(Saved entries)
::::::::

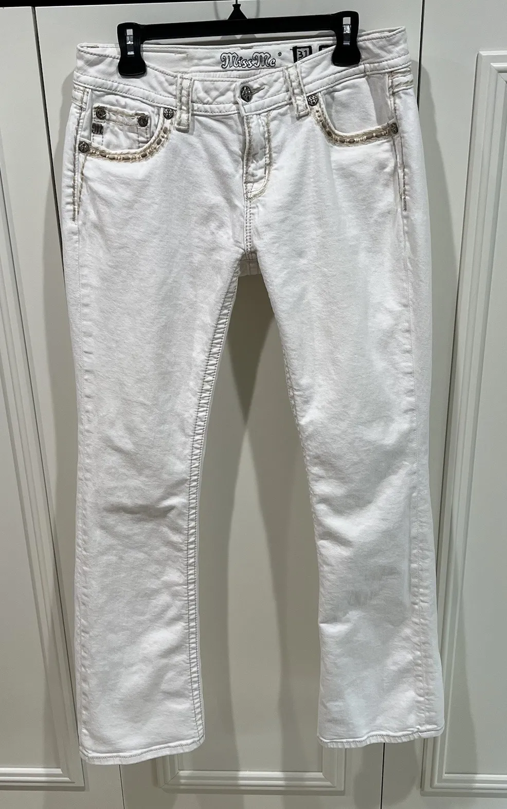 Miss Me Jeans’ famous denim shorts and skinny, bootcut, and straight-leg jeans are instantly recognizable thanks to their iconic white stitching, decorative pockets, rhinestone embellishments, and crystal buttons.
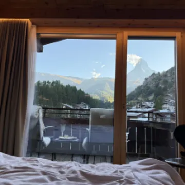We booked a Matterhorn view room for our family trip to Zermatt. Luckily, we were upgraded, and with clear skies, the view of the Matterhorn from our room was breathtaking. The starry sky was twinkling beautifully, and the sunrise was magnificent, making for a wonderful memory.
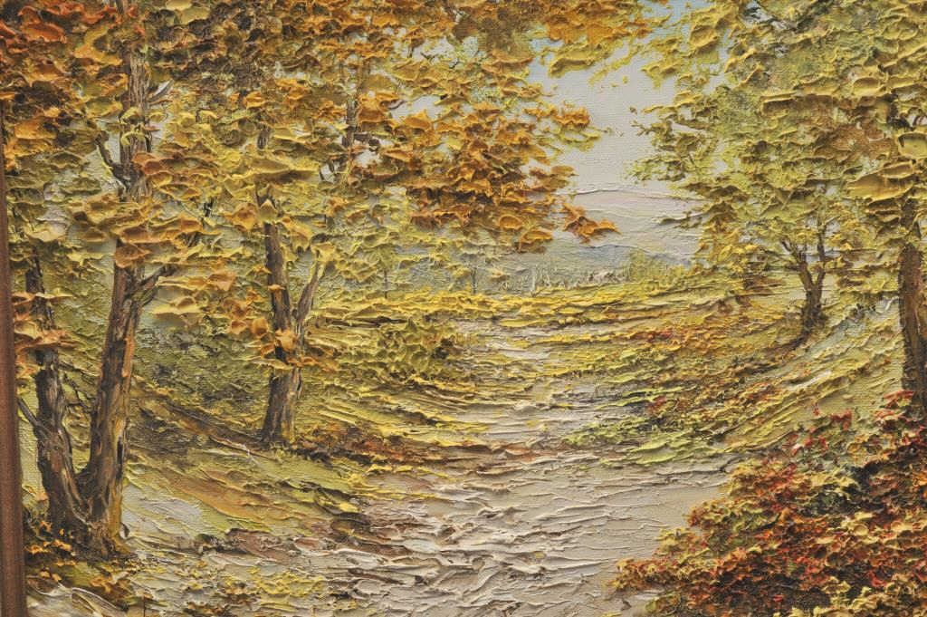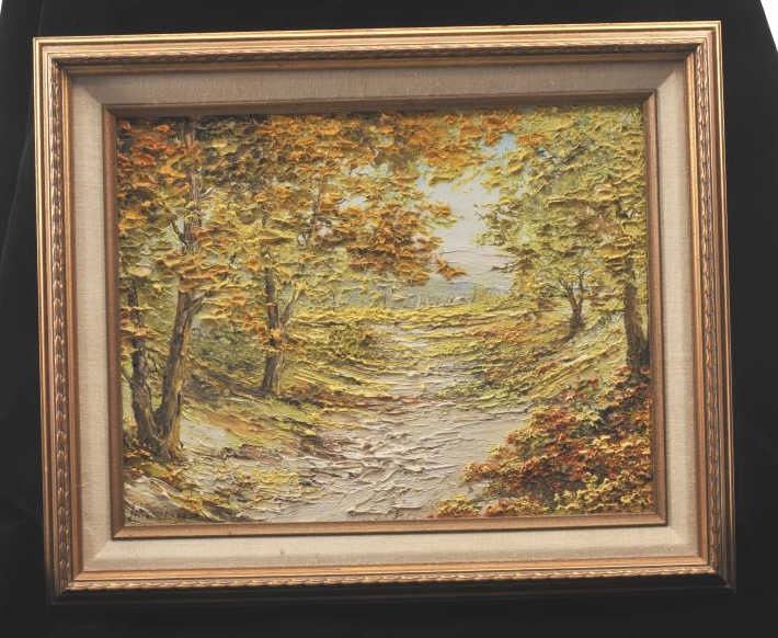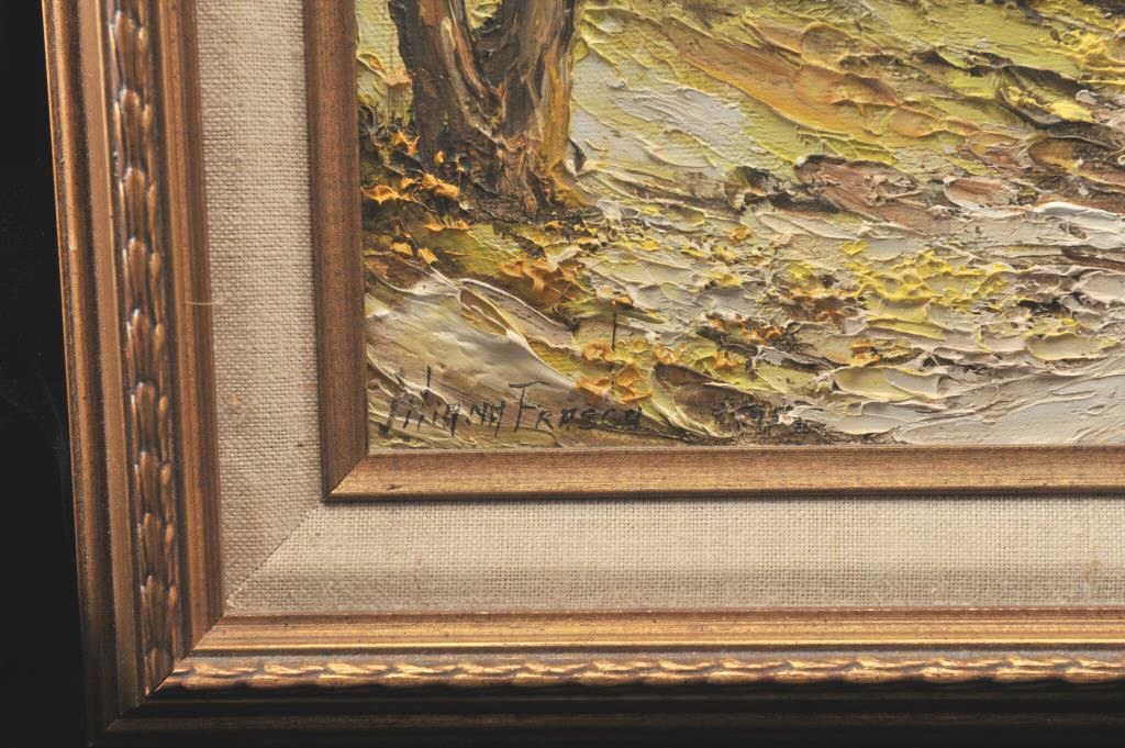 Original framed oil on canvas painting by Liliana Frasca. The piece is 10 ½” x 13 ½” nicely framed, titled “Creek in Autumn”. This well accomplished impressionist work shows beautiful color and movement. Paintedin the impasto style, the piece seems to reach from the canvas. Ms. Frasca was born in Buenos Aires, Argentina in 1932 and is still producing art. Est.: $300-$600.
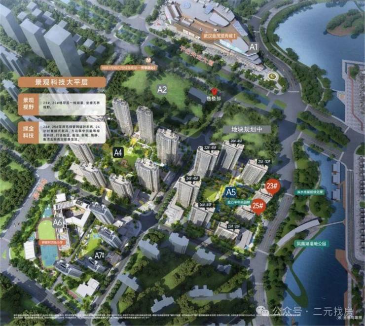方岛金茂A3地块住宅位于汉阳四新大道与凤凰湖环路交汇处,靠近方岛凤凰湖湿地公园。
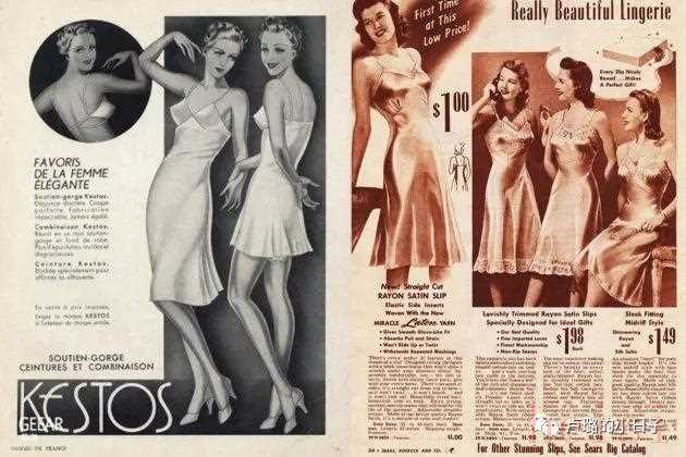 1940 年代的内衣衬裙广告事实上,我们现在常见的吊带裙诞生于上世纪二十年代,人造丝的广泛应用,促生了吊带裙的出现与流行。
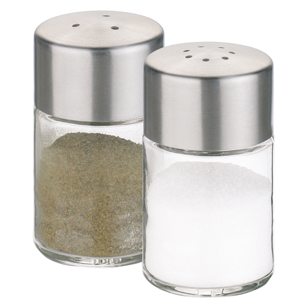 Mini set. Corpo in vetro e dosatori in acciaio, Ø 3,5 cm. altezza 6 cm. Lavabili in lavastoviglie, adatti anche per essere riposti in frigorifero.
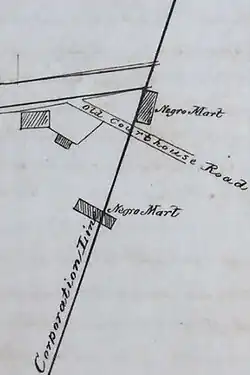 - ↑ a b c n.a. (20 de junio de 2022). «An Account of the Destruction of the Forks of the Road Slave Market». The Archaeological Conservancy (en inglés estadounidense). Consultado el 12 de septiembre de 2023.
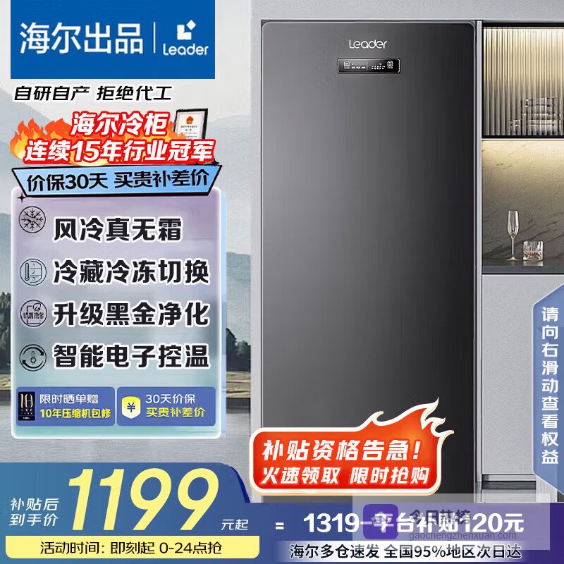 海尔(Haier)立式冷柜电脑控温冰柜冷藏冷冻切换家用冷柜风冷无霜/匀冷微霜母乳小冰箱 137升无霜+电子控温+黑金净化 137升¥
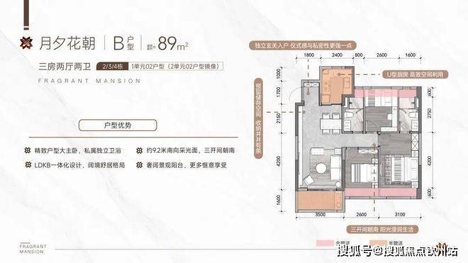 (1)89㎡三居室:户型方正,动静分离,适合刚需家庭。
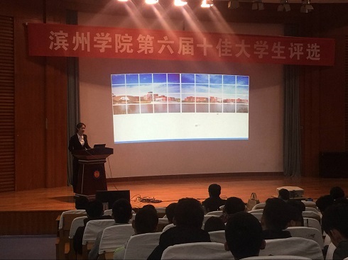 活动伊始,主持人致辞,就此次活动的规则及流程做了详细介绍。随后,各个学院代表共20名同学依次上台演讲。每一位参评同学都有着优异的成绩和令人骄傲的各类获奖证书,他们向大家展示了了各学院学生全面发展的风采。在此次评选演讲中,我院葛雯同学从学习、工作等方面全面介绍了自己,并最终以第七名的优异成绩荣获滨州学院第六届十佳大学生荣誉称号。
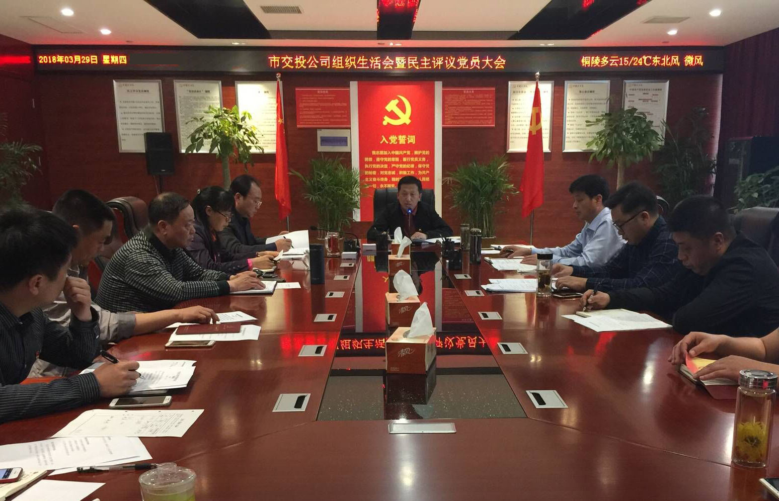 根據市委組織部工作要求,3月29日下午,市交投公司機關黨支部召開2017年度組織生活會暨民主評議黨員大會,公司黨工委班子成員以普通黨員身份參加會議。會上,黨支部書記帶頭作批評與自我批評,其他黨員同志依次進行對照檢查和自我批評,并填寫民主評議表。最后,公司黨工委書記、董事長何成龍同志對會議召開和對照檢查情況作點評,何成龍書記對機關黨支部成立以來所做的工作給予充分肯定,并就做好公司黨建工作提出四點要求:要進一步落實支部黨建工作要求,要進一步加強支部隊伍建設,要進一步增強支部黨建工作實效,要進一步發揮黨員先鋒模范作用,為公司深化改革、轉型發展提供堅強的思想基礎和組織保障。機關黨支部書記表示,將以此次會議召開為契機,認真落實黨工委何成龍書記提出的期望和要求,進一步創新方式、方法,積極推進公司黨建工作,為公司轉型發展做出更多貢獻。
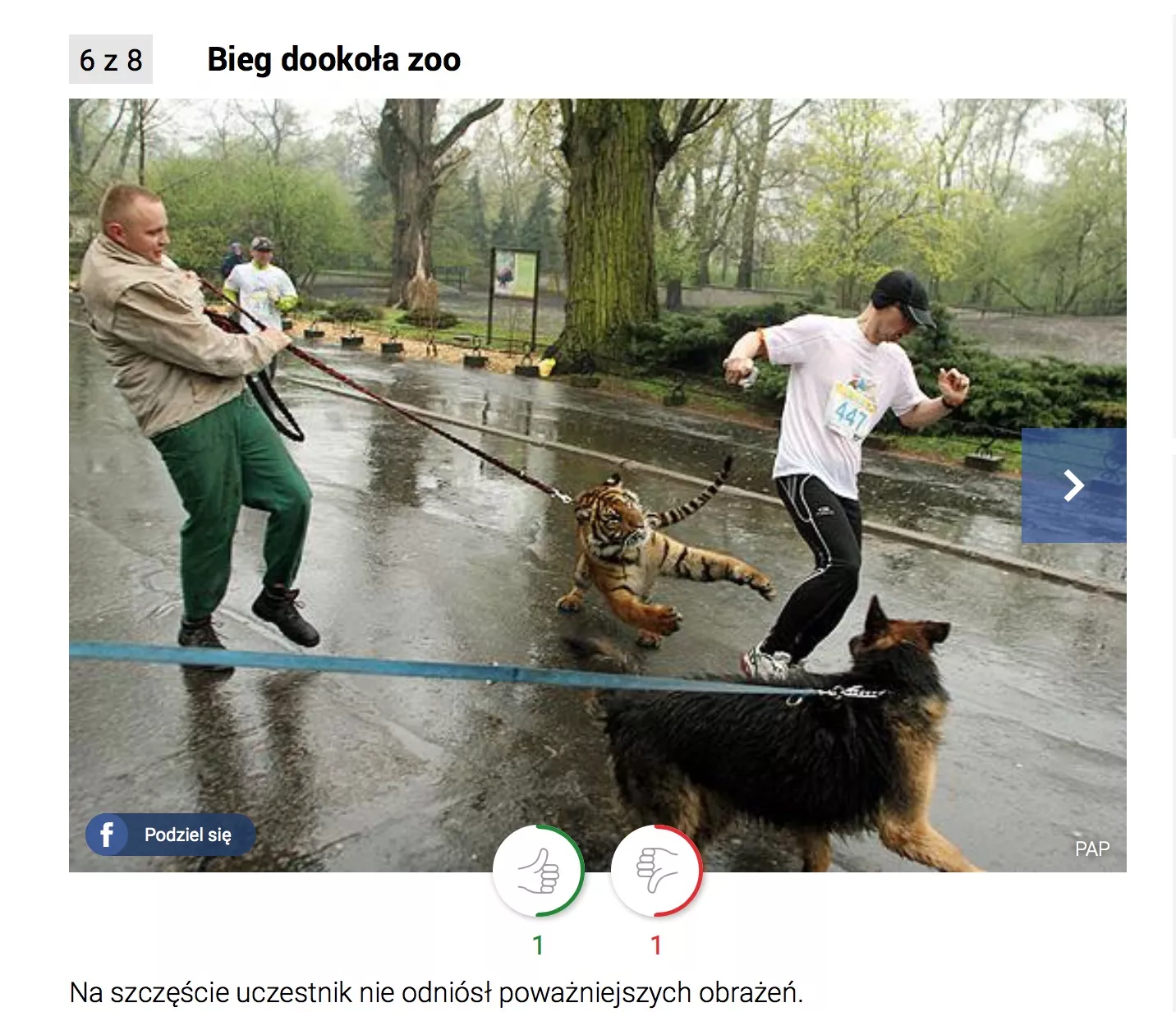 Pozostaje jeszcze kwestia tygrysicy sumatrzańskiej. Chociaż sprawa jest stara, na nowo rozpala emocje. Zoja, tygrysica wychowana przez ludzi, w 2009 r. była atrakcją biegu. Jednak jej udział w imprezie okazał się kontrowersyjny. Roczne wówczas, 57-kilogramowe zwierze miało w zwyczaju wychodzić na spacery, być prowadzone na smyczy przez swojego opiekuna i w towarzystwie psa, z którym na co dzień przebywała. Podczas biegu wyszła na taki właśnie spacer i zetknęła się z biegaczami, co utrwalił m.in. fotoreporter PAP (zdjęcie i komentarz za Wirtualną Polską):
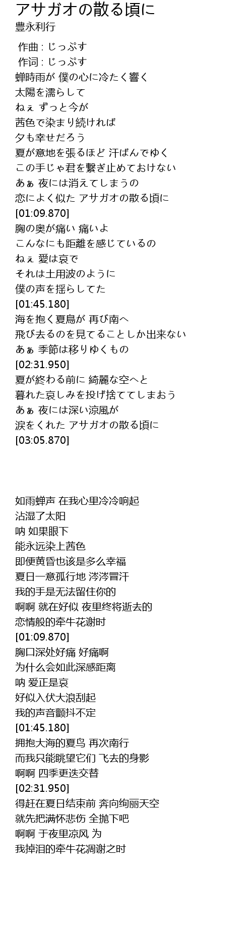 | [00:57.700] | 恋によく似た アサガオの散る頃に |
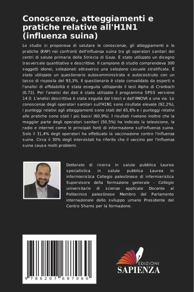 Lo studio si proponeva di valutare le conoscenze, gli atteggiamenti e le pratiche (KAP) nei confronti dell'influenza suina tra gli operatori sanitari dei centri di salute primaria della Striscia di Gaza. È stato utilizzato un disegno trasversale quantitativo e descrittivo. Il campione di studio comprendeva 300 soggetti idonei, selezionati attraverso una selezione casuale stratificata. È stato utilizzato un questionario autosomministrato e autocostruito con un tasso di risposta del 93,3%. Il questionario è stato convalidato da esperti e l'analisi di affidabilità è stata eseguita utilizzando il test Alpha di Cronbach (0,72). Per l'analisi dei dati è stato utilizzato il programma SPSS versione 14.0. L'analisi descrittiva è stata seguita dal t-test e dall'ANOVA a una via. Le conoscenze degli operatori sanitari sull'H1N1 sono risultate elevate (92,2%), i punteggi relativi agli atteggiamenti sono stati del 65,8% e i punteggi relativi alle pratiche sono stati i più bassi (60,9%). I risultati rivelano inoltre che la maggior parte degli operatori sanitari (50,5%) ha indicato la televisione, la radio e internet come le principali fonti di informazione sull'influenza suina. Solo il 31,4% degli operatori ha effettuato la vaccinazione contro l'influenza suina. Circa il 30% degli intervistati ha riferito che il vaccino per l'influenza suina causa molti problemi.
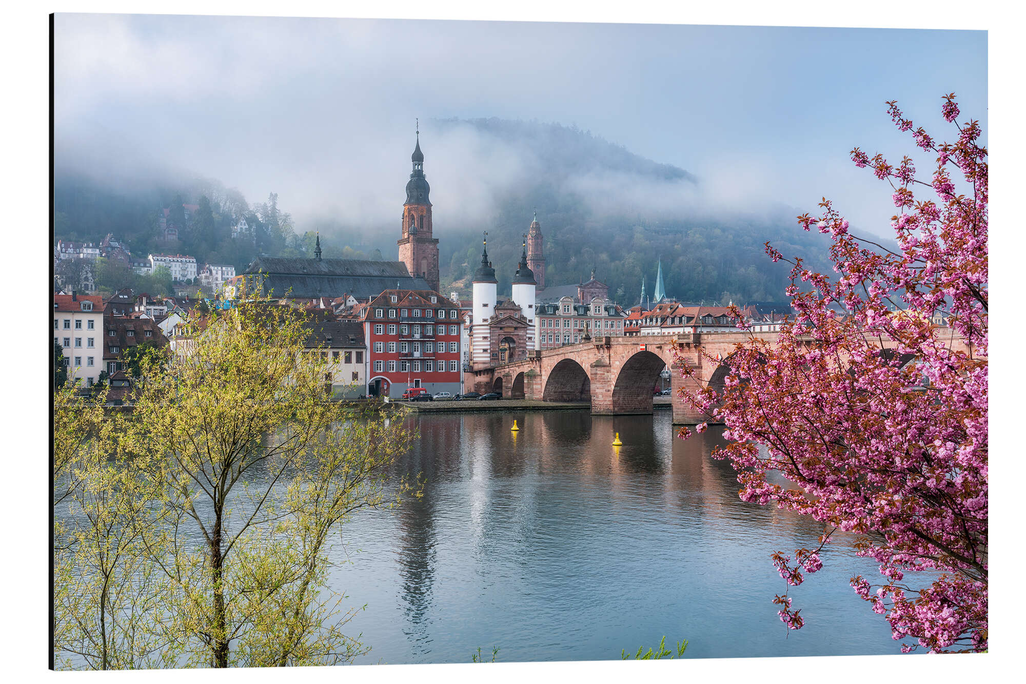 Alubild Frühling an der Alten Brücke in Heidelberg

::::::::

- WHAT YOU ARE ASKED TO DO -
All entries should be restated word for word; no images belong in the copy.

- ANSWER TO THE EXERCISE -
 Miss Me Jeans’ famous denim shorts and skinny, bootcut, and straight-leg jeans are instantly recognizable thanks to their iconic white stitching, decorative pockets, rhinestone embellishments, and crystal buttons.
We booked a Matterhorn view room for our family trip to Zermatt. Luckily, we were upgraded, and with clear skies, the view of the Matterhorn from our room was breathtaking. The starry sky was twinkling beautifully, and the sunrise was magnificent, making for a wonderful memory.
 Original framed oil on canvas painting by Liliana Frasca. The piece is 10 ½” x 13 ½” nicely framed, titled “Creek in Autumn”. This well accomplished impressionist work shows beautiful color and movement. Paintedin the impasto style, the piece seems to reach from the canvas. Ms. Frasca was born in Buenos Aires, Argentina in 1932 and is still producing art. Est.: $300-$600.
方岛金茂A3地块住宅位于汉阳四新大道与凤凰湖环路交汇处,靠近方岛凤凰湖湿地公园。
 1940 年代的内衣衬裙广告事实上,我们现在常见的吊带裙诞生于上世纪二十年代,人造丝的广泛应用,促生了吊带裙的出现与流行。
 Mini set. Corpo in vetro e dosatori in acciaio, Ø 3,5 cm. altezza 6 cm. Lavabili in lavastoviglie, adatti anche per essere riposti in frigorifero.
 - ↑ a b c n.a. (20 de junio de 2022). «An Account of the Destruction of the Forks of the Road Slave Market». The Archaeological Conservancy (en inglés estadounidense). Consultado el 12 de septiembre de 2023.
 海尔(Haier)立式冷柜电脑控温冰柜冷藏冷冻切换家用冷柜风冷无霜/匀冷微霜母乳小冰箱 137升无霜+电子控温+黑金净化 137升¥
 (1)89㎡三居室:户型方正,动静分离,适合刚需家庭。
 活动伊始,主持人致辞,就此次活动的规则及流程做了详细介绍。随后,各个学院代表共20名同学依次上台演讲。每一位参评同学都有着优异的成绩和令人骄傲的各类获奖证书,他们向大家展示了了各学院学生全面发展的风采。在此次评选演讲中,我院葛雯同学从学习、工作等方面全面介绍了自己,并最终以第七名的优异成绩荣获滨州学院第六届十佳大学生荣誉称号。
 根據市委組織部工作要求,3月29日下午,市交投公司機關黨支部召開2017年度組織生活會暨民主評議黨員大會,公司黨工委班子成員以普通黨員身份參加會議。會上,黨支部書記帶頭作批評與自我批評,其他黨員同志依次進行對照檢查和自我批評,并填寫民主評議表。最后,公司黨工委書記、董事長何成龍同志對會議召開和對照檢查情況作點評,何成龍書記對機關黨支部成立以來所做的工作給予充分肯定,并就做好公司黨建工作提出四點要求:要進一步落實支部黨建工作要求,要進一步加強支部隊伍建設,要進一步增強支部黨建工作實效,要進一步發揮黨員先鋒模范作用,為公司深化改革、轉型發展提供堅強的思想基礎和組織保障。機關黨支部書記表示,將以此次會議召開為契機,認真落實黨工委何成龍書記提出的期望和要求,進一步創新方式、方法,積極推進公司黨建工作,為公司轉型發展做出更多貢獻。
 Pozostaje jeszcze kwestia tygrysicy sumatrzańskiej. Chociaż sprawa jest stara, na nowo rozpala emocje. Zoja, tygrysica wychowana przez ludzi, w 2009 r. była atrakcją biegu. Jednak jej udział w imprezie okazał się kontrowersyjny. Roczne wówczas, 57-kilogramowe zwierze miało w zwyczaju wychodzić na spacery, być prowadzone na smyczy przez swojego opiekuna i w towarzystwie psa, z którym na co dzień przebywała. Podczas biegu wyszła na taki właśnie spacer i zetknęła się z biegaczami, co utrwalił m.in. fotoreporter PAP (zdjęcie i komentarz za Wirtualną Polską):
 | [00:57.700] | 恋によく似た アサガオの散る頃に |
 Lo studio si proponeva di valutare le conoscenze, gli atteggiamenti e le pratiche (KAP) nei confronti dell'influenza suina tra gli operatori sanitari dei centri di salute primaria della Striscia di Gaza. È stato utilizzato un disegno trasversale quantitativo e descrittivo. Il campione di studio comprendeva 300 soggetti idonei, selezionati attraverso una selezione casuale stratificata. È stato utilizzato un questionario autosomministrato e autocostruito con un tasso di risposta del 93,3%. Il questionario è stato convalidato da esperti e l'analisi di affidabilità è stata eseguita utilizzando il test Alpha di Cronbach (0,72). Per l'analisi dei dati è stato utilizzato il programma SPSS versione 14.0. L'analisi descrittiva è stata seguita dal t-test e dall'ANOVA a una via. Le conoscenze degli operatori sanitari sull'H1N1 sono risultate elevate (92,2%), i punteggi relativi agli atteggiamenti sono stati del 65,8% e i punteggi relativi alle pratiche sono stati i più bassi (60,9%). I risultati rivelano inoltre che la maggior parte degli operatori sanitari (50,5%) ha indicato la televisione, la radio e internet come le principali fonti di informazione sull'influenza suina. Solo il 31,4% degli operatori ha effettuato la vaccinazione contro l'influenza suina. Circa il 30% degli intervistati ha riferito che il vaccino per l'influenza suina causa molti problemi.
 Alubild Frühling an der Alten Brücke in Heidelberg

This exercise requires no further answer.